Heroism, Locally and Globally

The Fountain

Nov 1, 2010

Everyone, at least at one point in his or her life, feels destitute, deprived of any hope, as if they have reached the “end of the road.” Chances are that most of us gave up trying to find a solution to save ourselves from that seemingly unavoidable end.

No, not all of us.

Jill Carroll presents us with a legendary example of hope from our recent past, showing us that there can always be a solution, even at the cold touch of the barrel of a weapon, or with the blood-chilling knowledge that your town has been targeted. In this issue, she shares with us a truly interesting story she was told last summer in Fuzine, a village in Croatia’s Gorski Kotar district.

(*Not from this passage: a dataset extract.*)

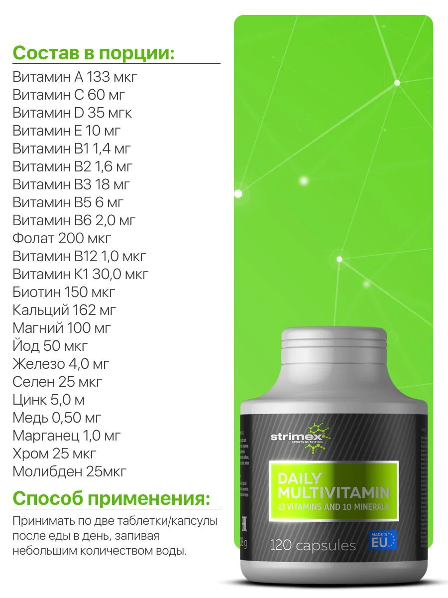 Преимущества Витамины Daily Multivitamin Strimex 120 капс.:

Croatia, now an independent state, was one of the six republics which formed the former country of Yugoslavia, a country that was devastated after a war in the ’90s. We shiver when we remember the massacres of Bosnian civilians before the eyes of the entire world, under the so-called protection of UN forces, when some had proclaimed that we had reached the zenith of human civilization. The massacre of Srebrenica, the fifteenth anniversary of which was marked last July, has no doubt left indelible stain not only in the lives of its victims-at least, those who survived-but also in the conscience of all of us who could do nothing more than pray. One observer who participated in the ceremony last July described Srebrenica as a town in which “the dead are more alive than the living, the living more dead than the dead; the dead visiting homes at night, the living visiting the dead during the day.” The story Jill reports from Gorski Kotar, Croatia features civil leaders and media members who heroically acted “faster than the dead” and perhaps saved their towns from being another Srebrenica – despite the consequences they faced in the years that followed.

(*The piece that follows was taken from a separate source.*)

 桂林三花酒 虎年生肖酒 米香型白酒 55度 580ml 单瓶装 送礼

The lead article describes another story of heroism, which is displayed at a global level. Gulen praises those educational activists who have gone all around the world and built schools and dialogue centers in hundreds of countries. The people Gulen describes are filled with love for humanity regardless of race, color, religion, and language, and they are convinced that universal peace can only be realized by overcoming ignorance. Gulen calls this volunteer movement “A Movement Originating Its Own Models,” perhaps because they are so precious to Gulen that he cannot compare them with any other social movement in the world, and perhaps because these volunteers truly come forward with an authentic approach for engaging our modern world and times.